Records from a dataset

+ + +

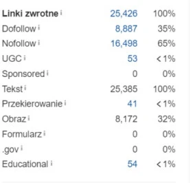 Informacja z narzędzia Ahrefs o liczbie linków dofollow i nofollow prowadzących do witryny
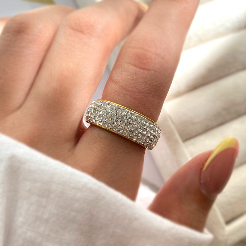 انگشتر استیل طلایی تمام نگین. جلوهای شیک و لوکس برای مناسبتها
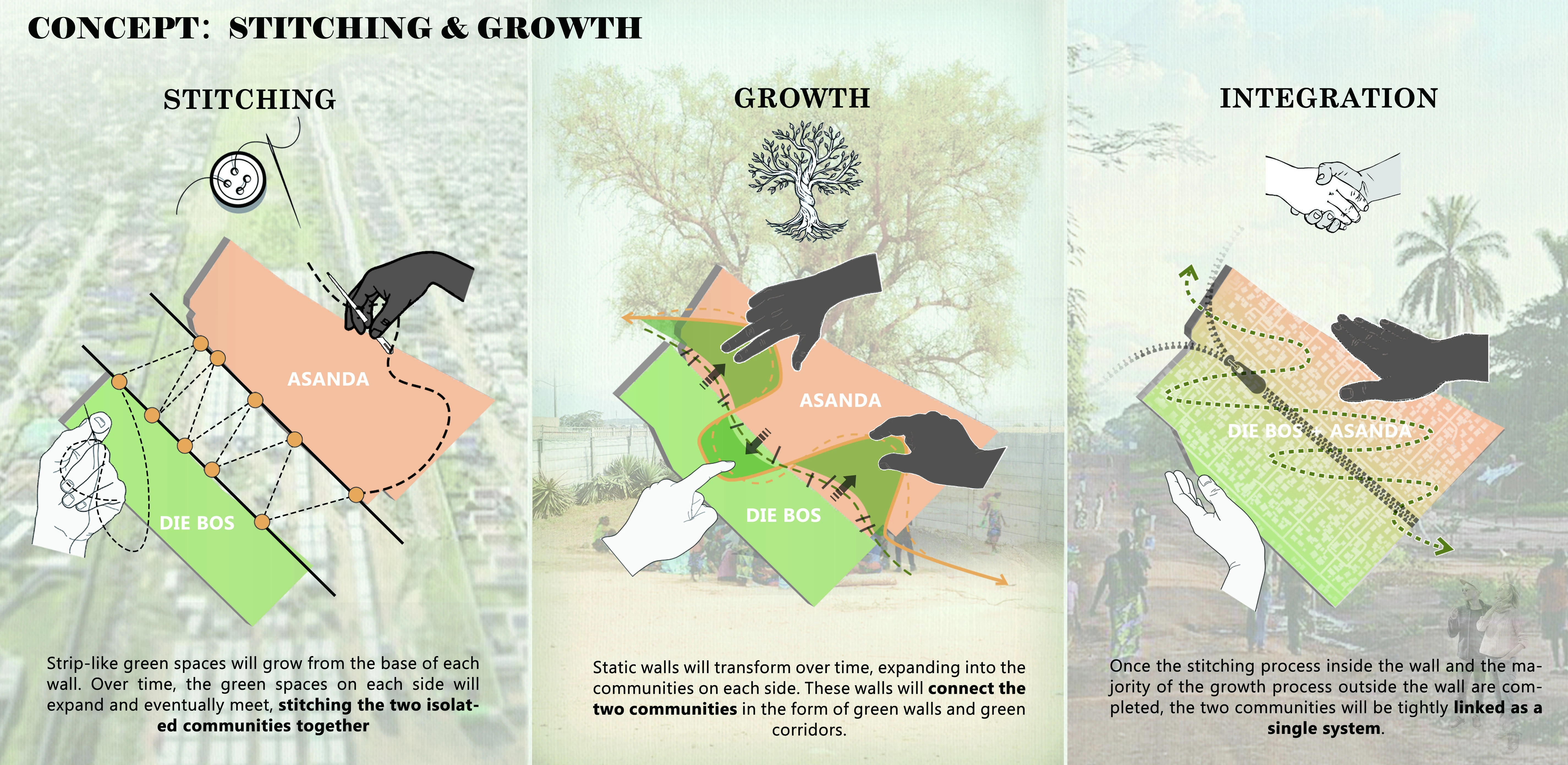 Racial inequality is a challenging global issue, especially pronounced in South Africa. In Cape Town's Asanda and Die Bos communities, two parallel walls and the abandoned land between them completely separate black and white communities. While the white community is affluent, over half of the black residents live below the poverty line, lacking water, fresh food, and etc. We propose a strategy to reconfigure these walls, promote exchange, and restore social equity, responding to ‘ASLA’s Racial Equity Plan of Action’. This project will remove physical and invisible barriers through wall reconfiguration and green space development, achieving environmental justice in the black community and fostering economic exchange between the communities.
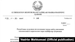 Вазирлар Маҳкамасининг Озодликка нусхаси келиб тушган 148- қарорига ХДФУ (Хизмат доирасида фойдаланиш учун) грифи қўйилган.
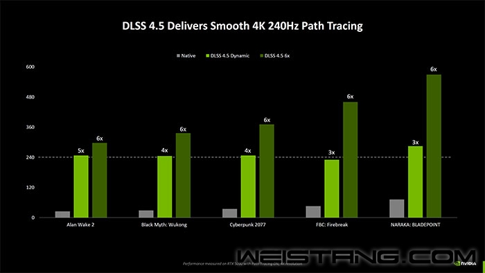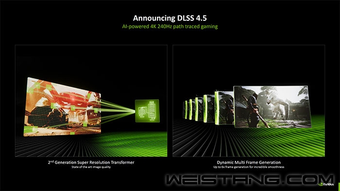 虽然没有新卡,但NVIDIA依然在CES 2026上为玩家带来了惊喜,正式发布了史上最强的“大力水手”DLSS 4 .5,进一步提升游戏帧率和画面质量。 虽然命名上只进步了0.5,但DLSS 4 .5却进步巨大,主要带来了两项重大更新: 首先是DLSS 4.5超分辨率技术,它在图像质量方面得到了极大的增强,解决了DLSS 4的所有不足; 其次是DLSS 4.5 6倍MFG(多帧生成),它在MFG算法中增加了两帧,进一步提升了帧率,并带来更流畅的游戏体验。 去年发布的DLSS 4首次引入了“多帧生成(MGF,Multi-Frame Generation)”技术,可利用AI可为每个渲染帧额外生成多达3帧,达成4倍帧率。 如今,DLSS 4 .5的多帧生成达到了6倍帧。同时,DLSS 4 .5还带来了第二代Transformer超分辨率模型,能够呈现更细腻的图像质量。 此外,NVIDIA在MFG技术的基础上更进一步,推出了名为DLSS 4.5动态多帧生成 (DLSS 4.5 Dynamic Multi-Frame Generation) 的全新模式。借助此模式,用户可以最大限度地提高帧率,使其与显示器的刷新率相匹配。 该模式专为240Hz及以上刷新率的显示器而设计,用户可以手动设置目标帧率,之后动态多帧生成 (DLSS 4.5 Dynamic Multi-Frame Generation) 会动态地在1倍到6倍之间切换MFG模式,以维持设定的帧率。 从官方PPT来看,大多数3A游戏需要4倍或3倍的MFG模式才能保持240Hz的刷新率。6倍模式则适用于使用360Hz或更高刷新率的4K显示器的用户。 之前,NVIDIA在DLSS 4中引入了全新的Transformer模型,该模型利用最新的 Tensor Core AI 硬件功能来提升图像质量。这项技术相比之前的卷积神经网络 (CNN) 有了显著提升,并改进了DLSS 3的诸多不足之处。然而,这项图像放大技术在某些方面仍有改进空间。 这就是NVIDIA DLSS 4.5超分辨率技术的第二代Transformer模型发挥作用的地方。新模型拥有5倍的计算能力,并利用Blackwell的FP8功能,实现了更佳的上下文感知和更智能的像素采样。 这主要解决了游戏中的三个问题:时间稳定性、重影和边缘锐化。 使用 AI超采样或帧生成技术时,时间稳定性可能会受到影响。这意味着每一帧都与前一帧不一致,导致某些物体或整个场景的视觉细节降低。DLSS 4.5提高了整体时间稳定性,提供比DLSS 4超分辨率更高的图像质量。 当物体移动时,会在身后留下拖影,这就是重影现象。例如,快速移动的物体(如汽车)、装备/使用武器,以及其他任何移动的物体,有时都会留下拖影,这会造成干扰,分散注意力。当帧率高于2倍时,这个问题会更加明显。DLSS 4.5则有助于进一步减少重影并消除这些拖影。 DLSS 4.5超分辨率技术的另一项改进之处在于抗锯齿。例如,图中显示一个 NPC 移动时边缘略微有些锯齿状。DLSS 4.5通过超强的抗锯齿技术消除了这种锯齿,从而呈现更多细节。 NVIDIA还宣布,最新的GeForce Game Ready 591.74驱动程序已支持 DLSS 4.5 RTX 超级分辨率技术,已在超过400款游戏中可用。 兼容性方面,DLSS 4.5 AI 超级分辨率技术将适用于所有RTX GPU,甚至包括较早的RTX 20系列。因此,所有RTX用户都能享受到更佳的图像质量。动态6倍帧生成模式将于2026年春季在最新的RTX 50 GPU上推出。 延伸阅读: NVIDIA DLSS,全称Deep Learning Super Sampling(深度学习超级采样),靠吃AI算法这颗“菠菜”开挂,“脑补”出实时渲染中缺失的像素,从而提升实时渲染的帧数。所以,又被广大游戏玩家戏称为“大力水手”。 开启DLSS之后,GPU只需要先输出一个或多个低分辨率的画面,DLSS就能调用GPU的Tensor Core进行AI运算,“脑补”出高分辨率画面并输出,以达到高分辨率下提升实时渲染帧数的效果。 |
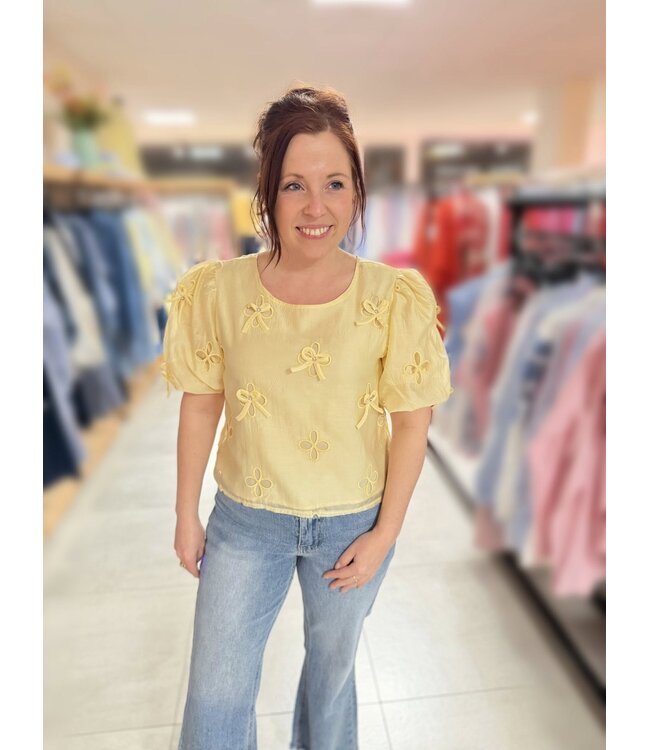 Top in lichtglanzende stof, afgewerkt met leuke strikjes en strass-steentjes.
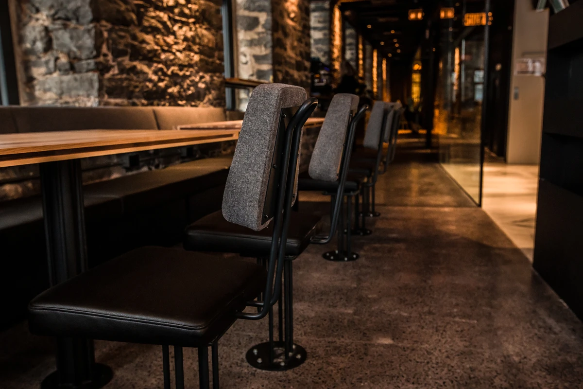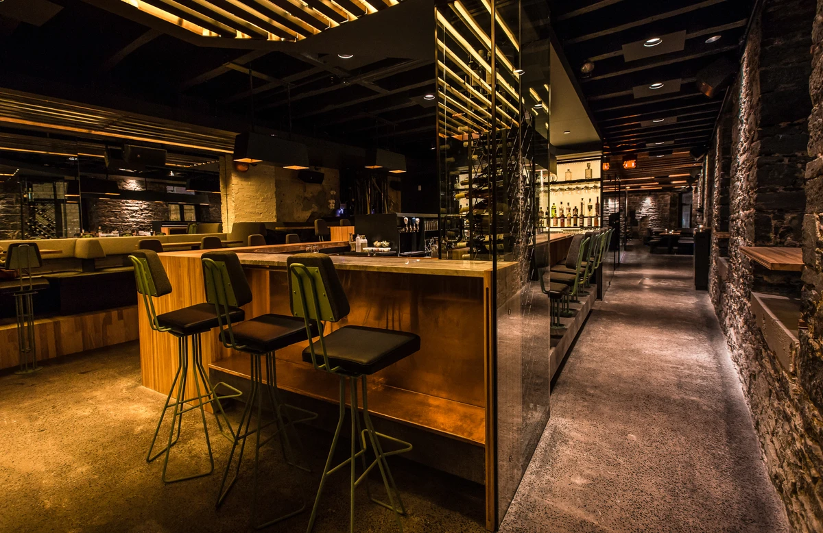 Niché au coeur du vieux port, au 22 rue Saint-Paul Est, l’établissement, à la fois bar et restaurant a trouvé refuge dans un vieux bâtiment en murs de pierres peints en noir. Le matériau est aussi présent à l’intérieur rappelant le passé du local tout comme le plafond dont on distingue les poutres ancestrales en bois. Une touche de finesse beaucoup plus moderne vient s’ajouter au décor par les luminaires de cuivre, de nombreuses parois de verre et du marbre. L’établissement baigne dans une lumière orangée qui lui confère une ambiance feutrée. La Firme signe cette réalisation qui a su créer une tension entre « le brut et l’actuel ». Le commerce d’Edward Zaki et de Jeff Stinco est divisé en trois temps, l’avant étant plus un bar et l’arrière, un restaurant plus illuminé et en haut, une salle pour les groupes.
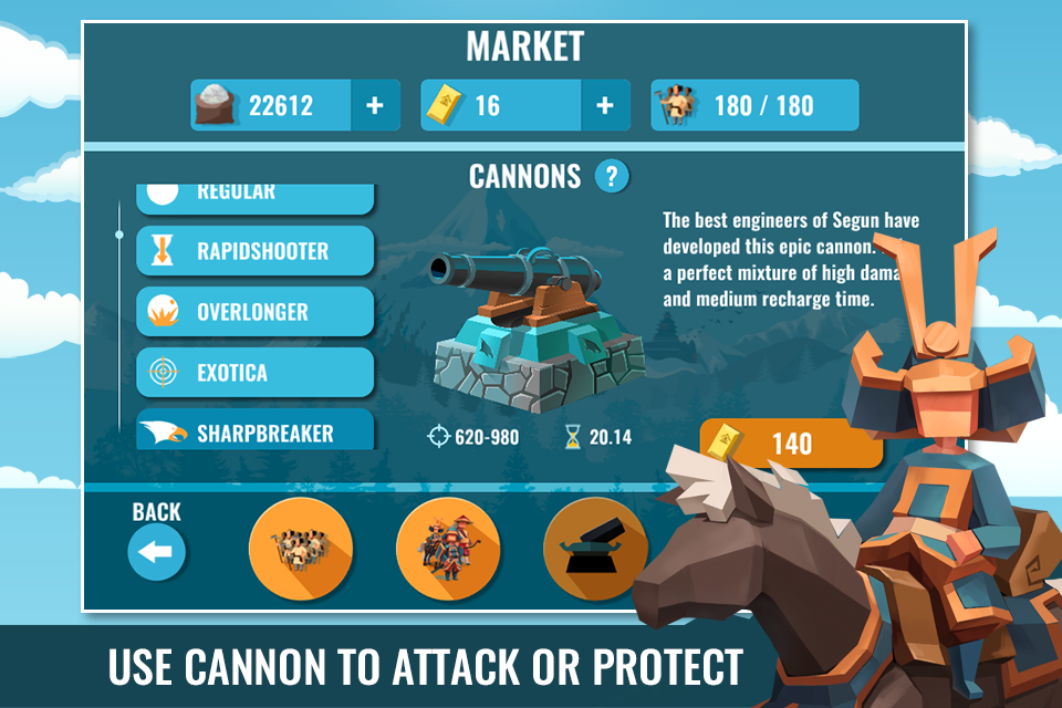 很久以前,武士大陸曾經是個寧靜祥和的地方,但是現在,他們正在戰(zhàn)斗并爭奪最佳武士的席位!進攻敵人的城堡并停止他們進攻你!加強你的部隊并明智的使用強大的火炮來組合你的武士發(fā)動進攻。實時的指揮你的武士軍團,讓他們成為最強大的武士!
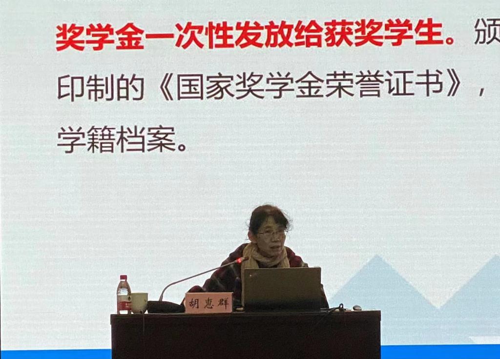 胡惠群从国家奖学金、国家励志奖学金、国家助学金、家庭经济困难学生认定、资助与育人五个方面展开培训,详细介绍了国家和陕西省相关资助政策,解读了各类奖助学金的申请、评审、发放等重点工作环节。她强调,要将资助与育人相结合,坚持为党育人,为国育才。要全面贯彻党的教育方针,落实立德树人的根本任务,注重“扶贫与扶志、扶智相结合”,引导困难学生自立自强、全面发展、成长成才。与此同时,她还鼓励bat365学工干部创新育人形式,建设和谐温暖资助氛围,为国家培养更多的建设人才。

+ + +

Your instructions
Whenever images occur above, omit them and retype each line exactly as it stands.

Completed task
 Informacja z narzędzia Ahrefs o liczbie linków dofollow i nofollow prowadzących do witryny
 انگشتر استیل طلایی تمام نگین. جلوهای شیک و لوکس برای مناسبتها
 Racial inequality is a challenging global issue, especially pronounced in South Africa. In Cape Town's Asanda and Die Bos communities, two parallel walls and the abandoned land between them completely separate black and white communities. While the white community is affluent, over half of the black residents live below the poverty line, lacking water, fresh food, and etc. We propose a strategy to reconfigure these walls, promote exchange, and restore social equity, responding to ‘ASLA’s Racial Equity Plan of Action’. This project will remove physical and invisible barriers through wall reconfiguration and green space development, achieving environmental justice in the black community and fostering economic exchange between the communities.
 Вазирлар Маҳкамасининг Озодликка нусхаси келиб тушган 148- қарорига ХДФУ (Хизмат доирасида фойдаланиш учун) грифи қўйилган.
 虽然没有新卡,但NVIDIA依然在CES 2026上为玩家带来了惊喜,正式发布了史上最强的“大力水手”DLSS 4 .5,进一步提升游戏帧率和画面质量。 虽然命名上只进步了0.5,但DLSS 4 .5却进步巨大,主要带来了两项重大更新: 首先是DLSS 4.5超分辨率技术,它在图像质量方面得到了极大的增强,解决了DLSS 4的所有不足; 其次是DLSS 4.5 6倍MFG(多帧生成),它在MFG算法中增加了两帧,进一步提升了帧率,并带来更流畅的游戏体验。 去年发布的DLSS 4首次引入了“多帧生成(MGF,Multi-Frame Generation)”技术,可利用AI可为每个渲染帧额外生成多达3帧,达成4倍帧率。 如今,DLSS 4 .5的多帧生成达到了6倍帧。同时,DLSS 4 .5还带来了第二代Transformer超分辨率模型,能够呈现更细腻的图像质量。 此外,NVIDIA在MFG技术的基础上更进一步,推出了名为DLSS 4.5动态多帧生成 (DLSS 4.5 Dynamic Multi-Frame Generation) 的全新模式。借助此模式,用户可以最大限度地提高帧率,使其与显示器的刷新率相匹配。 该模式专为240Hz及以上刷新率的显示器而设计,用户可以手动设置目标帧率,之后动态多帧生成 (DLSS 4.5 Dynamic Multi-Frame Generation) 会动态地在1倍到6倍之间切换MFG模式,以维持设定的帧率。 从官方PPT来看,大多数3A游戏需要4倍或3倍的MFG模式才能保持240Hz的刷新率。6倍模式则适用于使用360Hz或更高刷新率的4K显示器的用户。 之前,NVIDIA在DLSS 4中引入了全新的Transformer模型,该模型利用最新的 Tensor Core AI 硬件功能来提升图像质量。这项技术相比之前的卷积神经网络 (CNN) 有了显著提升,并改进了DLSS 3的诸多不足之处。然而,这项图像放大技术在某些方面仍有改进空间。 这就是NVIDIA DLSS 4.5超分辨率技术的第二代Transformer模型发挥作用的地方。新模型拥有5倍的计算能力,并利用Blackwell的FP8功能,实现了更佳的上下文感知和更智能的像素采样。 这主要解决了游戏中的三个问题:时间稳定性、重影和边缘锐化。 使用 AI超采样或帧生成技术时,时间稳定性可能会受到影响。这意味着每一帧都与前一帧不一致,导致某些物体或整个场景的视觉细节降低。DLSS 4.5提高了整体时间稳定性,提供比DLSS 4超分辨率更高的图像质量。 当物体移动时,会在身后留下拖影,这就是重影现象。例如,快速移动的物体(如汽车)、装备/使用武器,以及其他任何移动的物体,有时都会留下拖影,这会造成干扰,分散注意力。当帧率高于2倍时,这个问题会更加明显。DLSS 4.5则有助于进一步减少重影并消除这些拖影。 DLSS 4.5超分辨率技术的另一项改进之处在于抗锯齿。例如,图中显示一个 NPC 移动时边缘略微有些锯齿状。DLSS 4.5通过超强的抗锯齿技术消除了这种锯齿,从而呈现更多细节。 NVIDIA还宣布,最新的GeForce Game Ready 591.74驱动程序已支持 DLSS 4.5 RTX 超级分辨率技术,已在超过400款游戏中可用。 兼容性方面,DLSS 4.5 AI 超级分辨率技术将适用于所有RTX GPU,甚至包括较早的RTX 20系列。因此,所有RTX用户都能享受到更佳的图像质量。动态6倍帧生成模式将于2026年春季在最新的RTX 50 GPU上推出。 延伸阅读: NVIDIA DLSS,全称Deep Learning Super Sampling(深度学习超级采样),靠吃AI算法这颗“菠菜”开挂,“脑补”出实时渲染中缺失的像素,从而提升实时渲染的帧数。所以,又被广大游戏玩家戏称为“大力水手”。 开启DLSS之后,GPU只需要先输出一个或多个低分辨率的画面,DLSS就能调用GPU的Tensor Core进行AI运算,“脑补”出高分辨率画面并输出,以达到高分辨率下提升实时渲染帧数的效果。 |
 Top in lichtglanzende stof, afgewerkt met leuke strikjes en strass-steentjes.
 Niché au coeur du vieux port, au 22 rue Saint-Paul Est, l’établissement, à la fois bar et restaurant a trouvé refuge dans un vieux bâtiment en murs de pierres peints en noir. Le matériau est aussi présent à l’intérieur rappelant le passé du local tout comme le plafond dont on distingue les poutres ancestrales en bois. Une touche de finesse beaucoup plus moderne vient s’ajouter au décor par les luminaires de cuivre, de nombreuses parois de verre et du marbre. L’établissement baigne dans une lumière orangée qui lui confère une ambiance feutrée. La Firme signe cette réalisation qui a su créer une tension entre « le brut et l’actuel ». Le commerce d’Edward Zaki et de Jeff Stinco est divisé en trois temps, l’avant étant plus un bar et l’arrière, un restaurant plus illuminé et en haut, une salle pour les groupes.
 很久以前,武士大陸曾經是個寧靜祥和的地方,但是現在,他們正在戰(zhàn)斗并爭奪最佳武士的席位!進攻敵人的城堡并停止他們進攻你!加強你的部隊并明智的使用強大的火炮來組合你的武士發(fā)動進攻。實時的指揮你的武士軍團,讓他們成為最強大的武士!
 胡惠群从国家奖学金、国家励志奖学金、国家助学金、家庭经济困难学生认定、资助与育人五个方面展开培训,详细介绍了国家和陕西省相关资助政策,解读了各类奖助学金的申请、评审、发放等重点工作环节。她强调,要将资助与育人相结合,坚持为党育人,为国育才。要全面贯彻党的教育方针,落实立德树人的根本任务,注重“扶贫与扶志、扶智相结合”,引导困难学生自立自强、全面发展、成长成才。与此同时,她还鼓励bat365学工干部创新育人形式,建设和谐温暖资助氛围,为国家培养更多的建设人才。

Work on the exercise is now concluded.